Sent from my Nexus 7 using Tapatalk 2


----------



## Mustang302LX (Jun 28, 2011)

fixed the title!


----------



## johnboy7501 (Nov 10, 2011)

Thanks for the title correction

Sent from my Nexus 7 using Tapatalk 2


----------



## Mustang302LX (Jun 28, 2011)

Also travp posted it in the GNex forum that I've seen and I'd think he will post it to this section as well but not sure obviously.


----------



## travp624 (Jun 12, 2011)

Mustang302LX said:


> Also travp posted it in the GNex forum that I've seen and I'd think he will post it to this section as well but not sure obviously.


Device maintainers will be posting for other devices soon. I am allowing them to make the posts and maintain it as I don't own most these devices already its better they watch over the threads to devices their maintaining.


----------



## Mustang302LX (Jun 28, 2011)

travp624 said:


> Device maintainers will be posting for other devices soon. I am allowing them to make the posts and maintain it as I don't own most these devices already its better they watch over the threads to devices their maintaining.


Thanks for the info!


----------



## throwbot (Jan 2, 2012)

Shiiiit, good call tho on posting this for the time being. Was looking for something new to flash tonight.

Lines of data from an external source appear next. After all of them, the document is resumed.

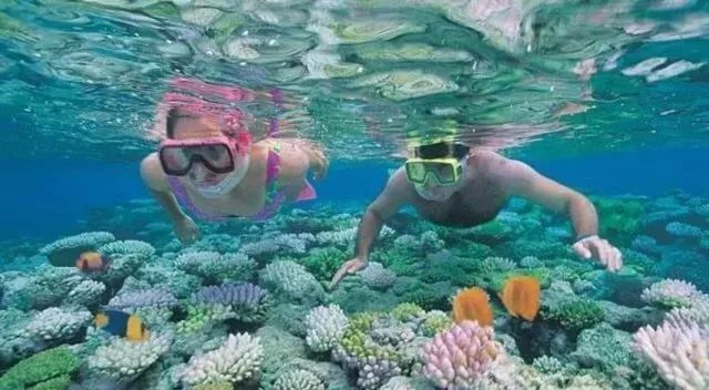 浮潜不是潜水,而是使用一个潜水镜,呼吸管漂浮在水面的一种运动。浮潜能让大家欣赏奇妙的海底世界,不用每次都抬头换气,靠着呼吸管和潜水镜你就能在水中长时间过足瘾去看鱼类、螃蟹、海螺、海胆等!不会游泳的朋友只需带好救生工具(泳圈、救生衣等)就可参与此活动!
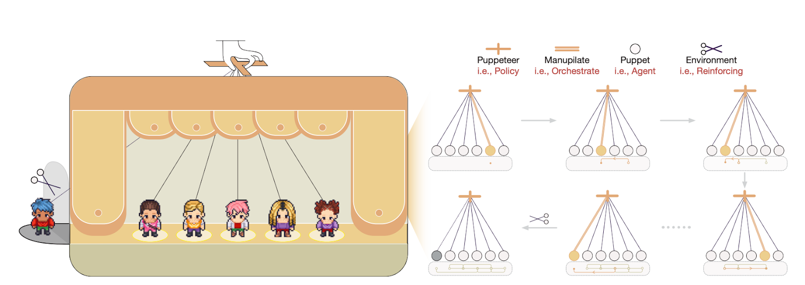 - Agent workflows provide the substrate. Chains of model calls, conditional branches, and tool integrations form the action space the orchestrator selects from.
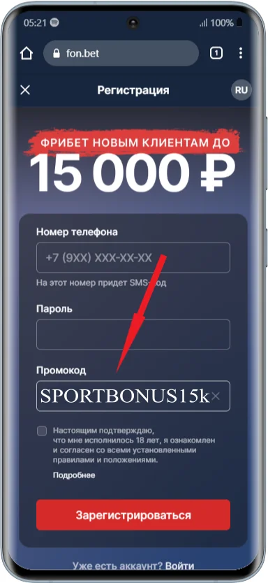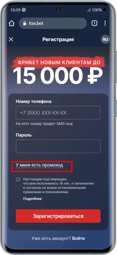 Активировать промокод Фонбет можно в мобильном приложении или мобильной версии, если нет возможность зайти на официальный сайт с ПК. Для этого достаточно запустить софт и ввести промокод в соответствующее поле при регистрации или в личном кабинете.
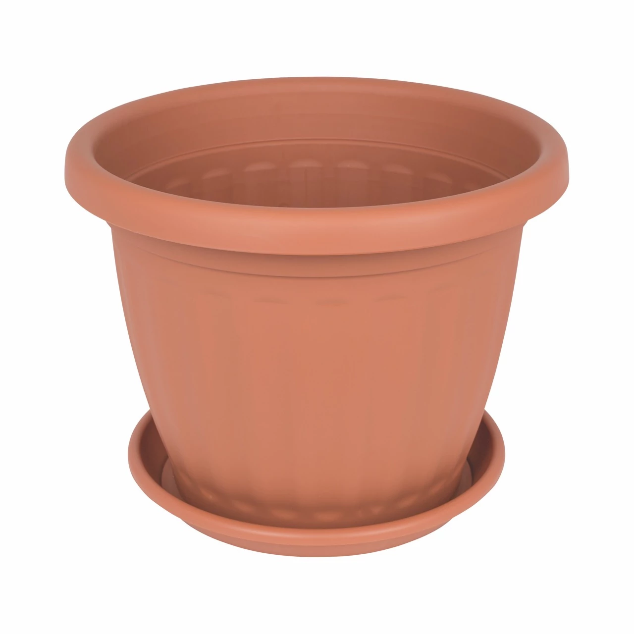 Dekoratív, az oldalán bordázott kialakítású, szép formájú műanyag virágcserép, amelybe közvetlenül ültethető a virág és egyéb növény.
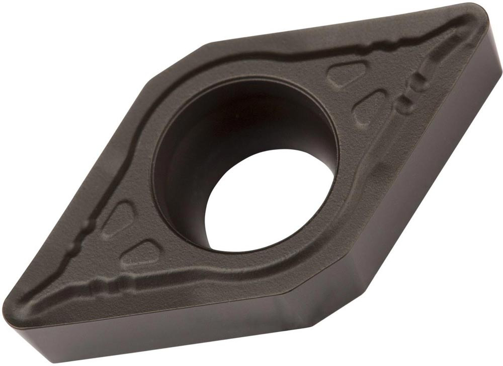 Einseitige positive Drehwendeschneidplatte · 55° Rhombisch mit 7° Freiwinkel · Innenkreisdurchmesser von 9.525mm · 3.97mm Dick · 1.2mm Radius · Indexgenauigkeit nach ISO-Toleranzklasse-M · Spanbrecher UR mit verrundeter Schneidkante · im Substrat T9325 · MT-CVD beschichtet functionally graded WC-Co carbide im ISO-Bereich P15 -P35 · zum schlichten bis schruppen bearbeiten von Stählen

Sent from my Google Nexus 7 using Tapatalk 2


----------



## Millioke (Sep 29, 2011)

Can't wait for the official post for this rom. I got an issue. When I try to install some apps I get "unknown error code during application install -24"

Sent from my Galaxy Nexus using Tapatalk 2


----------



## johnboy7501 (Nov 10, 2011)

Millioke said:


> Can't wait for the official post for this rom. I got an issue. When I try to install some apps I get "unknown error code during application install -24"
> 
> Sent from my Galaxy Nexus using Tapatalk 2


I have had zero issues and with Trinity kernel this thing is stupid fast.
Sent from my Nexus 7 using Tapatalk 2


----------